### Exercise aim
Pictures stay out; print the rest of the listing below exactly as it stands.

### Information shown

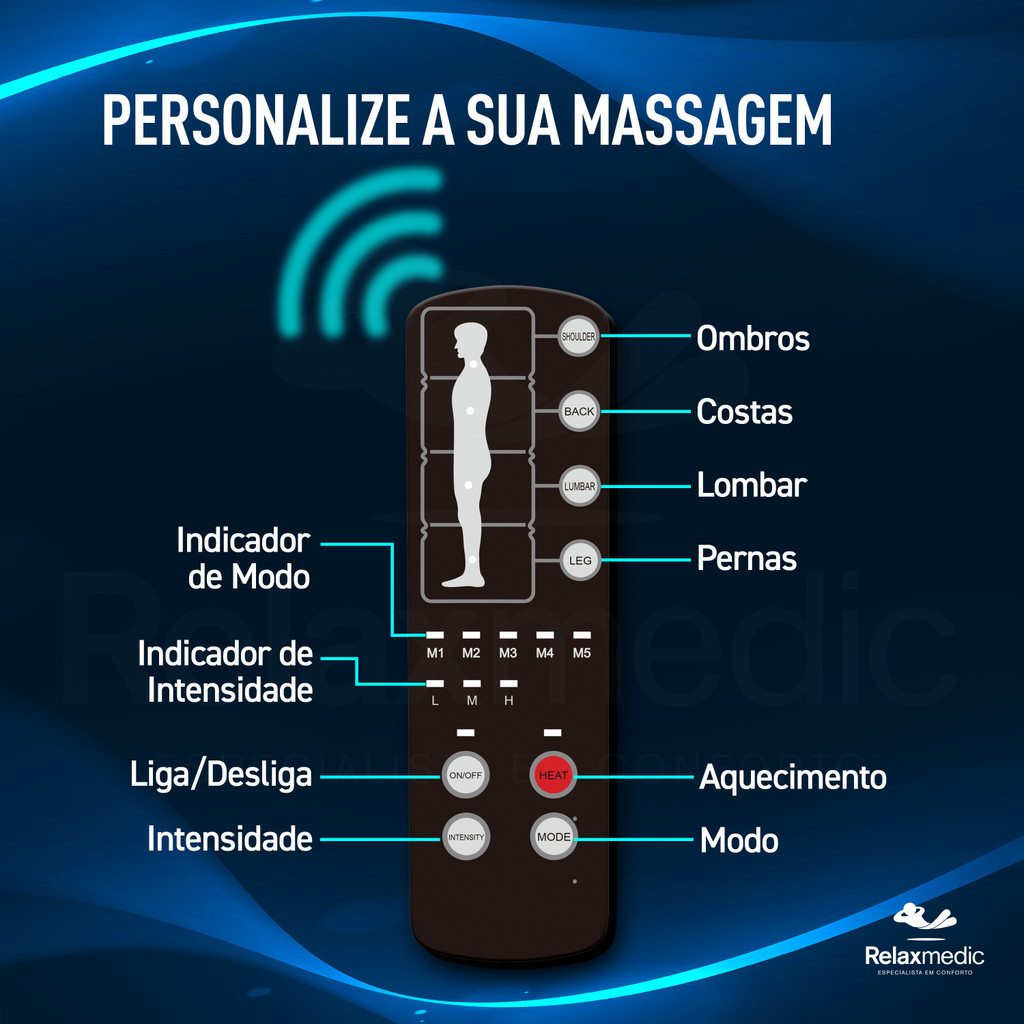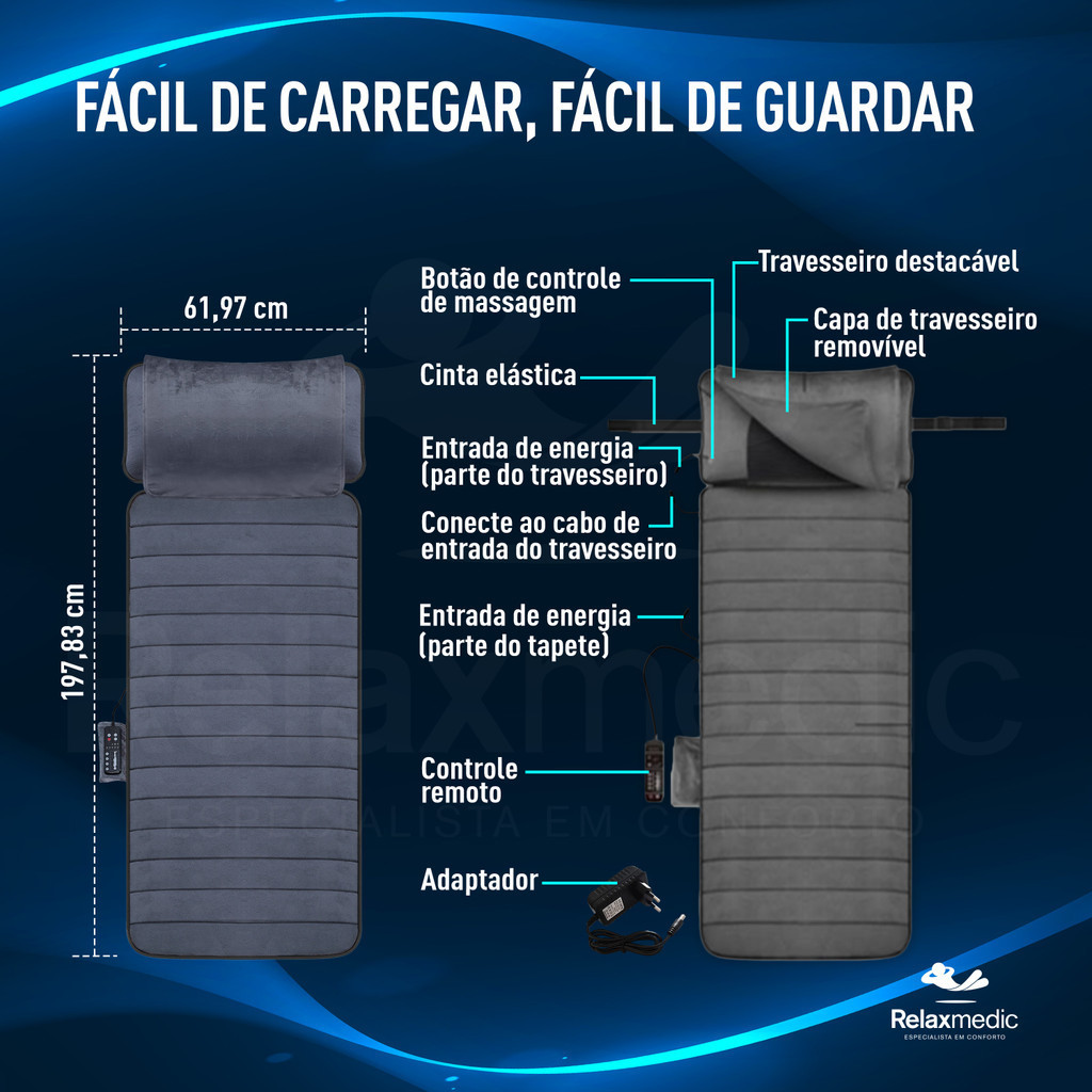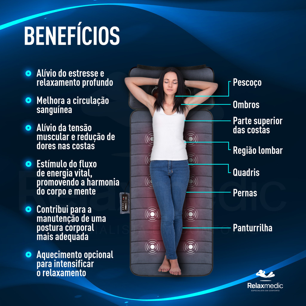 Esteira Massageadora Aquecimento Almofada Shiatsu Relaxmedic
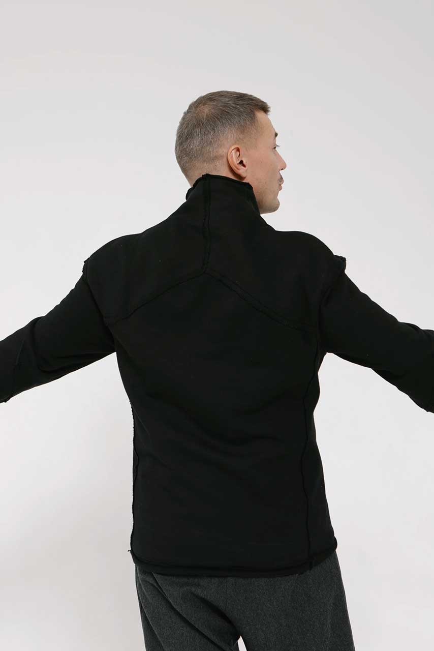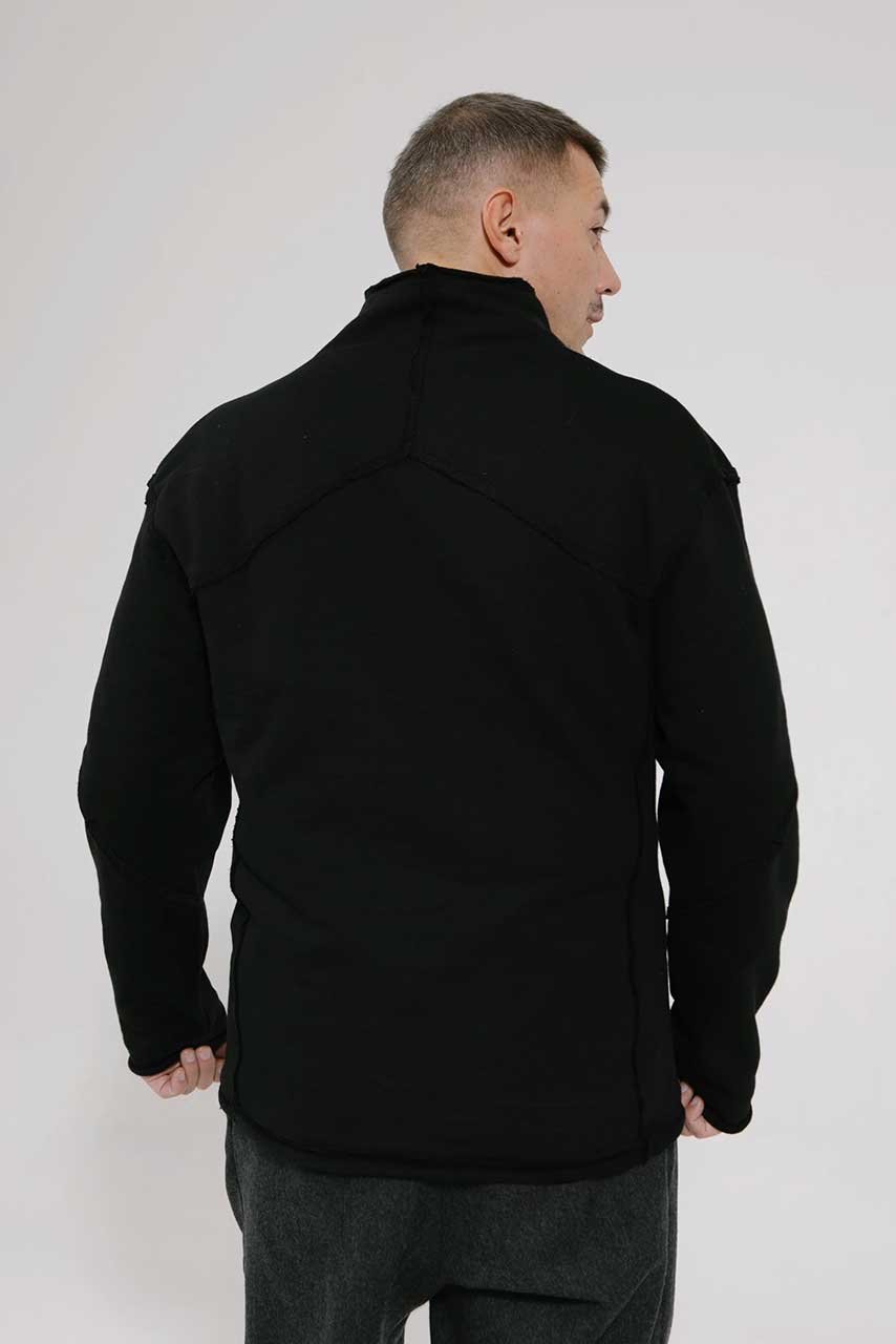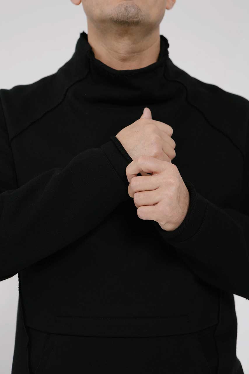 Спереди у свитера — новое прочтение привычного кармана кенгуру. Вроде спортивный,
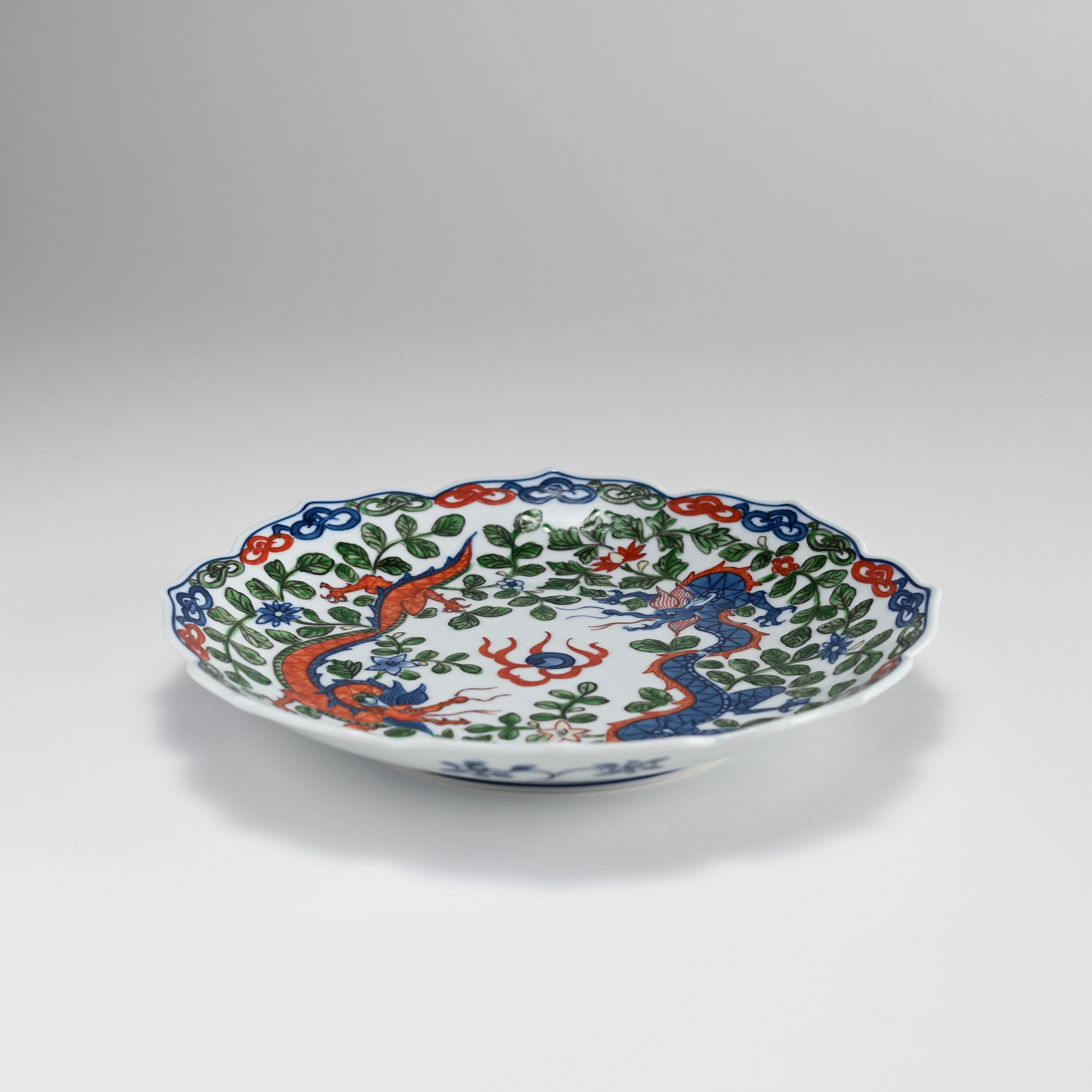 唐草双龍絵 7寸桔梗渕皿 (亮秀窯)

### Exercise solution
 Esteira Massageadora Aquecimento Almofada Shiatsu Relaxmedic
 Спереди у свитера — новое прочтение привычного кармана кенгуру. Вроде спортивный,
 唐草双龍絵 7寸桔梗渕皿 (亮秀窯)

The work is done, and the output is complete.